La plaga emblemática

El sida es una plaga emblemática de estos tiempos. Es un misterio por qué la respuesta internacional ha sido tan débil.

Si bien el sida dista de ser la más mortífera de las enfermedades que siguen afectando al género humano y todavía no puede considerarse la más difundida, es sin duda alguna el mal emblemático de nuestra época, razón por la cual la llegada del vigésimo aniversario del primer diagnóstico en California de un caso de lo que entonces parecía ser una condición muy exótica ha dado pie a muchas reuniones internacionales de alto nivel en las que, como suele suceder en tales ocasiones, todos los asistentes han coincidido en la necesidad urgente de tomar nuevas medidas. Aunque hasta ahora lo que se ha hecho ha resultado inadecuado, existen algunos motivos para esperar que en los próximos años la llamada comunidad internacional logre movilizar más recursos que en las dos décadas últimas en las que, como ha señalado el secretario general de las Naciones Unidas, Kofi Annan, la reacción global frente al desafío planteado por la enfermedad ha sido «increíblemente lenta».
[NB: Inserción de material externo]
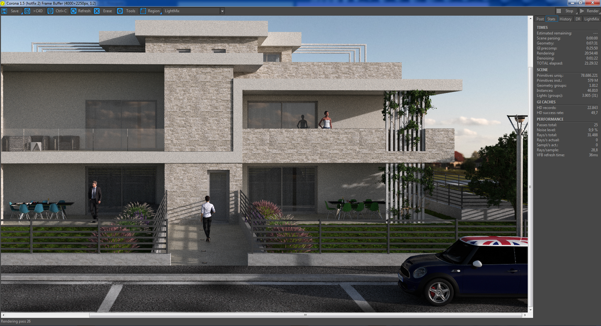 Corona 1.5 hotfix 2 ------ render di 4000x2250 px .... tempo di rendering 20 ore per 26 pass ed un noise di 10??!!??!!?

Hace poco, las grandes empresas farmacéuticas que, en términos prácticos, están encabezando la contraofensiva contra el virus, acordaron vender ciertos productos a los países africanos a precios reducidos, mientras que magnates como el norteamericano Bill Gates han estado donando sumas inmensas a las fundaciones creadas para luchar contra los estragos que el sida ya ha provocado en África, continente en el que más de 25 millones de personas son portadoras y se prevé que pronto habrá más de 40 millones de huérfanos a causa del mal. No sólo ha sido cuestión de presiones políticas o de filantropía. También está incidiendo la conciencia de que en el mundo moderno es virtualmente imposible poner en cuarentena a países enteros y que, de todas maneras, a esta altura las sociedades más desarrolladas y por lo tanto mejor informadas no pueden lavarse las manos de una tragedia de dimensiones apocalípticas que podrían ayudar a prevenir.

La razón por la cual la respuesta internacional ha sido tan débil no constituye un misterio. Por tratarse de una enfermedad que puede transmitirse a través de contactos sexuales que apareció por primera vez entre los homosexuales de San Francisco, no tardó en adquirir un estigma que no perdería. A pesar de que pronto se haría evidente que ser portador del virus no revela nada sobre el estilo de vida del afectado, son muchos los de mentalidad primitiva que insisten en considerarlo una suerte de castigo divino. Asimismo, el que el mal pueda quedar oculto durante años sin declararse más la disponibilidad de cócteles de drogas que lo convierten en una enfermedad crónica pero no necesariamente mortal ha significado que en los países ricos, que son los únicos que poseen los recursos materiales y científicos que podrían producir una cura definitiva, se ha difundido la sensación de que ya podemos convivir con el virus, alternativa ésta que no se da en la mayor parte del mundo.

Desde que fueran detectados los primeros casos, los resueltos a combatir el sida han tenido que enfrentar no sólo el virus mismo, reto que ya les resultaba muy complicado debido a sus características especiales, sino también a una amplia coalición de individuos que por los motivos que fueran se han negado a colaborar con sus esfuerzos. Entre ellos están aquellos líderes religiosos que anteponen a la vida humana su hostilidad principista hacia los preservativos y funcionarios gubernamentales tan obsesionados por la imagen de su país que han intentado convencer al resto del mundo que por razones morales, confesionales o ideológicas apenas se habían registrado casos del mal.

Por desgracia, en cierto modo la Argentina integra este grupo aunque su trayectoria en tal sentido es decididamente mejor que aquella de algunos países de África, Asia y Europa oriental. Según parece, los gobernantes más obtusos de todos han sido los chinos que insisten en que en todo su gigantesco país los portadores del virus son poco más de veinte mil cuando, conforme a las previsiones de la ONU, en poco tiempo más podría haber diez millones de seropositivos, lo cual, claro está, crearía problemas de salud pública comparables con los ya experimentados en los países más pobres de África que, la globalización mediante, plantearían un peligro adicional al resto del mundo.